Lost Ruins of Arnak
- Box cover
- Designers: Mín & Elwen
- Illustrators: Ondřej Hrdina, Milan Vavroň, Jiří Kůs, František Sedláček
- Publishers: Czech Games Edition
- Publication: 2020
- Players: 1 to 4
- Playing time: 30 to 120 minutes
- Age range: 12 and up
- Website: czechgames.com

= Lost Ruins of Arnak =

2020 board game

Lost Ruins of Arnak is a 2020 board game by the husband-wife duo Michal "Elwen" Štach and Michaela "Mín" Štachova. It won Game of the Year in the 2020 Board Game Quest Awards as well as the 2021 Deutscher Spiele Preis.

==Gameplay==
Lost Ruins of Arnak uses a combination of deck-building and worker placement mechanics for its core gameplay. The game is played over 5 rounds. During each round players take turns choosing various actions. On their turn, players can manage their cards, send their archeologists to discover new sites, dig at already explored ones, overcome guardians, or research.

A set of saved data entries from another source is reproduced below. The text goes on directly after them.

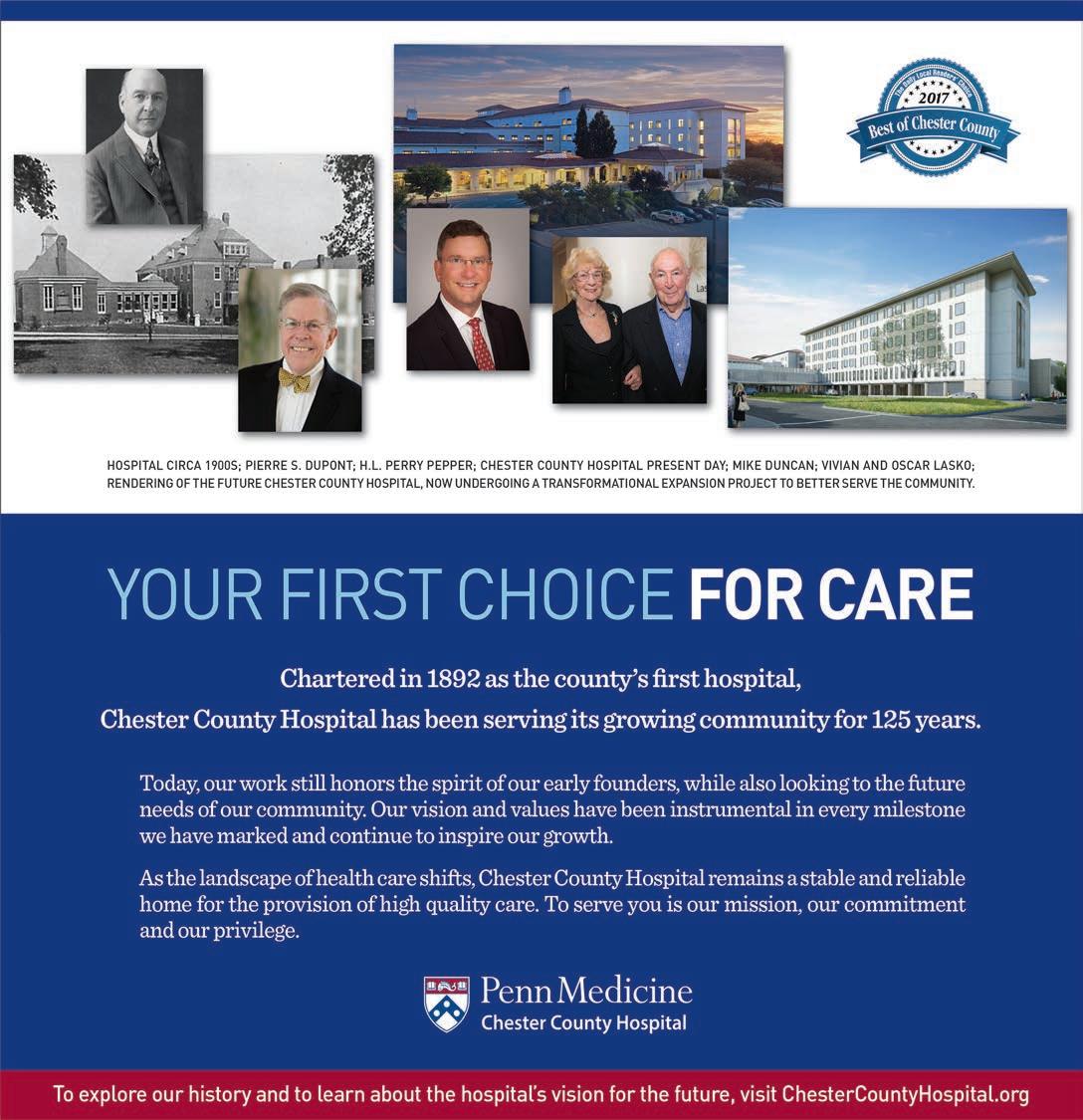 The hospitals work closely together, and already that collaboration has enabled providers, leadership and staff to leverage best practices across the health system. Chester County residents bene t from the collaboration between hospitals as well as from access to a broader range of services.
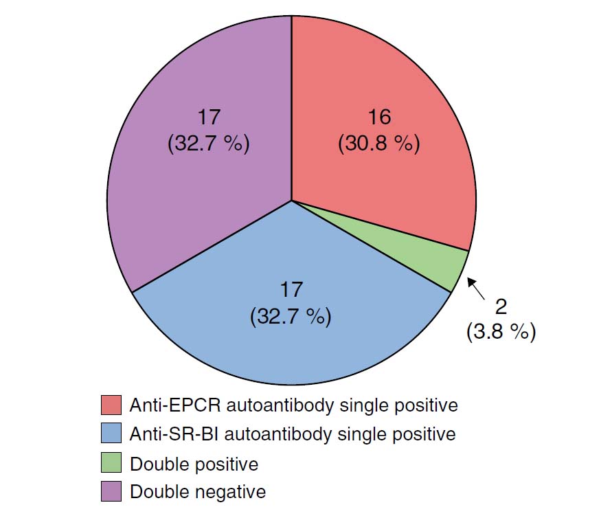 高安動脈炎の自己抗原としてプロテインC 受容体EPCRとスカベンジャー受容体SR-BIを世界で初めて同定した。これらに対する自己抗体は、膠原病では高安動脈炎に特異的で、EPCR に対する抗体がある患者(30.8%)では腕頭動脈の罹患、脳血管障害の発症、潰瘍性大腸炎の合併が多く認められた。一方、SR-BI に対する抗体がある患者(32.7%)では、広範囲にわたり血管が傷害され、強い炎症を示した。
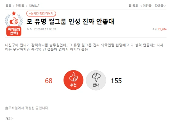 「有名K-POPガールズグループ」のエピソードが13日、韓国オンライン・コミュニティ(ネイトパン)に掲載。「性格悪い」との内容で、トレンド入りしています。
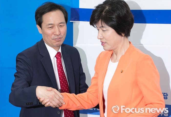 (서울=포커스뉴스) 9일 오전 서울 여의도 국회에서 열린 더불어민주당 가계부채TF, 현황 및 정부대책 보고에 참석한 우상호(왼쪽) 원내대표와 김영주 TF 위원장이 인사하고 있다.

Discovering new sites extends the set of possible dig sites, but it also awakens a guardian, which can result in penalty during scoring. Digging rewards players with treasures and resources that can be used for further progress. Research provides players with different bonuses and increasingly more victory points as they advance on the research track. Each player starts with the same set of cards, which can be upgraded over the course of the game. Most cards can be played just for their effects, while some actions require players to use cards in addition.
After the final round players add up their points coming from different sources. The player with the most points wins the game.

A solo variant is also featured, utilizing a set of cards as an artificial opponent, which lets players experience the game alone.